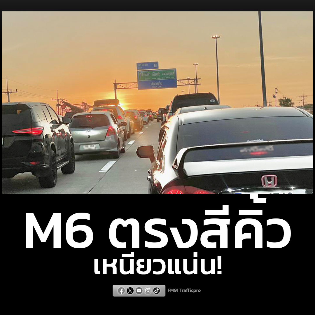 เหนียวแน่น เส้นทาง M6 ขาเข้า ช่วงสีคิ้ว เป็นจุดหนึ่งที่รถบรรจบกันหลายด้านคือ
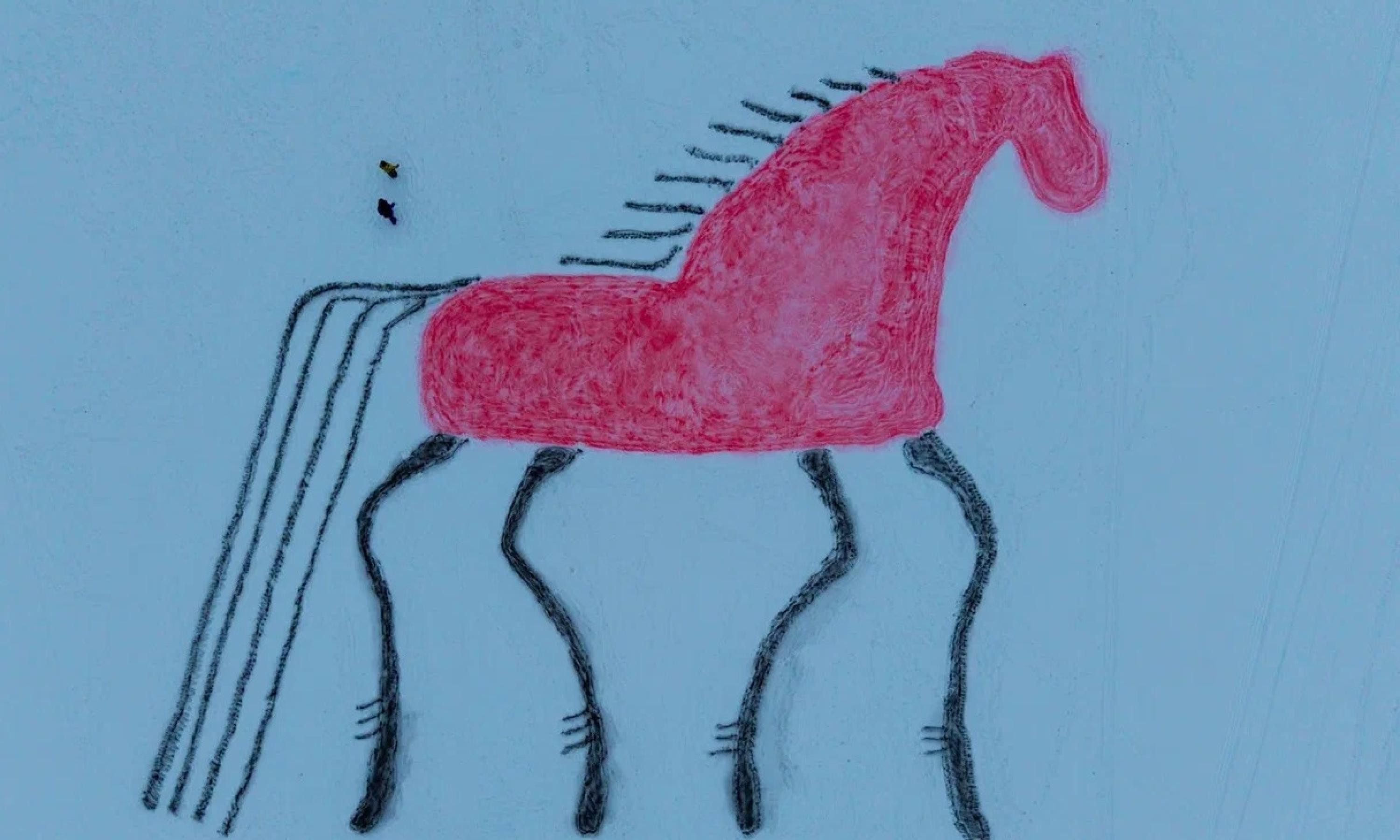 Лед озера под Архангельском раскрасил гигантский «мезенский» конь
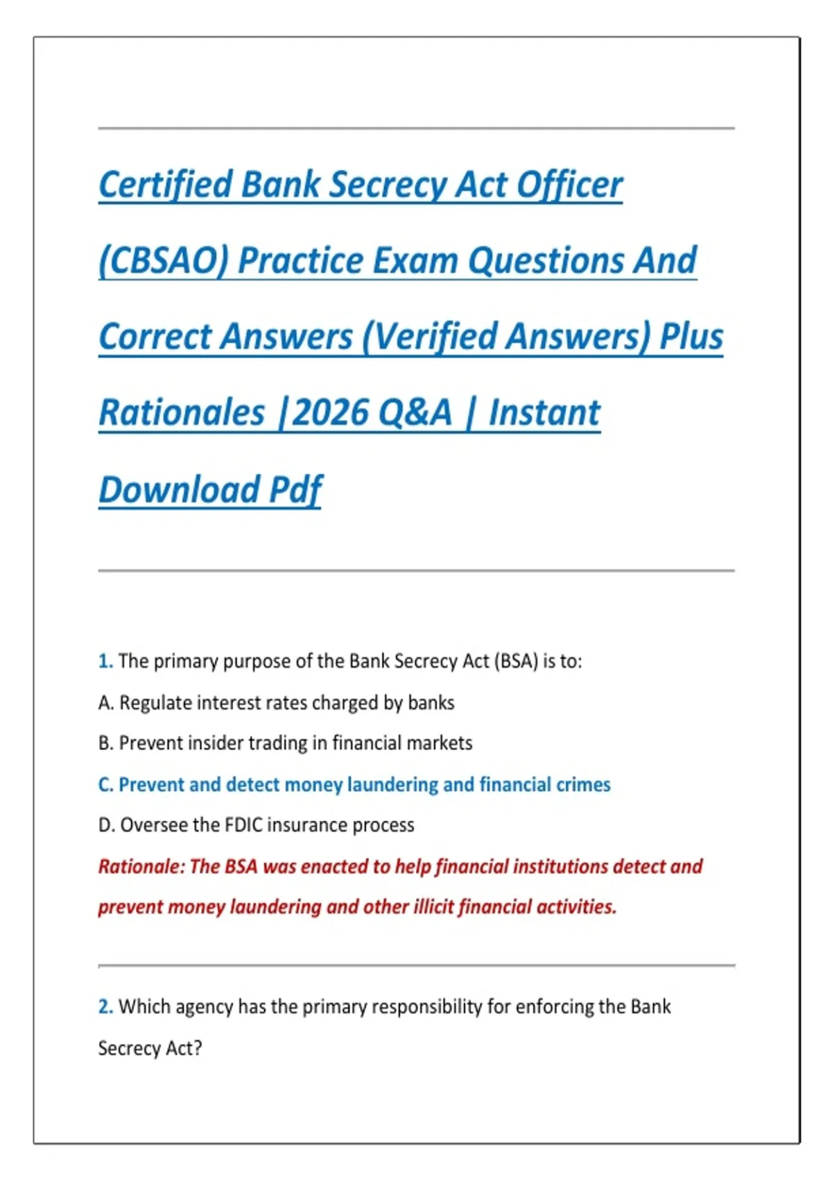 Certified Bank Secrecy Act Officer (CBSAO) Practice Exam Questions And Correct Answers (Verified Answers) Plus Rationales |2026 Q&A | Instant Download Pdf

Your goal
Give the data above back unchanged, except for the pictures.

Solution to this exercise
 เหนียวแน่น เส้นทาง M6 ขาเข้า ช่วงสีคิ้ว เป็นจุดหนึ่งที่รถบรรจบกันหลายด้านคือ
 Лед озера под Архангельском раскрасил гигантский «мезенский» конь
 Certified Bank Secrecy Act Officer (CBSAO) Practice Exam Questions And Correct Answers (Verified Answers) Plus Rationales |2026 Q&A | Instant Download Pdf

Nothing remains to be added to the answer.